{} and () in || statement in shell script

Question

i am writing a shell script which should exit in some cases, my current code is:

 set -e 

    Running A || (echo "failed to run A"; exit 1)
    Running B || (echo "failed to run B"; exit 1)
    if Condition C
    then 
       Running D || (echo "failed to run D"; exit 1)
    ....

and it worked as expected, it passes if A/B runs well, echo message for me if A or B failed, but i have not tested D failed yet. My understanding is if A or B failed, it will go to code after "||", echo error, then exit subshell and return false. So the whole line is "false||false" so it exited because i have "set -e" at the beginning. But then i read How to exit if a command failed? it mentioned "set -e" is dangerous because it won't be triggered inside if statement, so does it mean that it won't work if my "Running D" command fails?(meanning it won't exit and will continue executing next command). Also, i tried to use {} as the above post suggests, but it's weird. if i change it to:

#set -e
Running A || {exit 1}

it's correct, meaning if A successes, continue next command, if A fails, exit script. But if i change to

#set -e
Running A || {echo "running A failed";exit 1}

it always exited here no matter A successes or fails.

What is wrong?
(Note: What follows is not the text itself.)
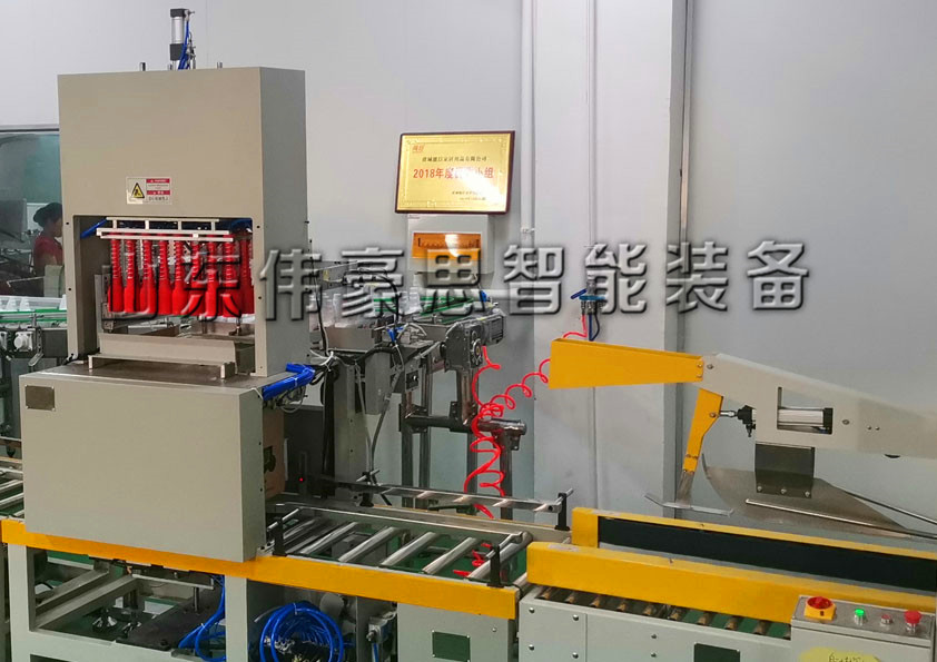為了提高更高的效率,在果醋箱機械手碼垛機前端可以配置上我公司生產的全自動開箱機,全自動裝箱機,全自動封箱機組成全自動裝箱碼垛設備,它具有很高的靈活性和適應性,而運轉速度也很高,簡化的工作方式,方便更換變更件,以適應不同瓶體的產品,該設備只需單人操作,整體結構對工廠的空間要求低,非常方便的適應于各種產品的裝箱碼垛。

Also i am a bit confused now which is the best way to exit in my case? i should use "set -e" or "{}"? Thanks!

Answer 1

Using ( ) spawns a sub-shell, while using { } does not, the latter allowing the enclosed exit to directly terminate your script.

The group command syntax using { } is a little picky about syntax. You have to separate the brace characters from others with whitespace. You also need to use a trailing semicolon after the last command in the group.

Given the above constraints, try changing:

Running A || {echo "running A failed";exit 1}

... to:

Running A || { echo "running A failed";exit 1; }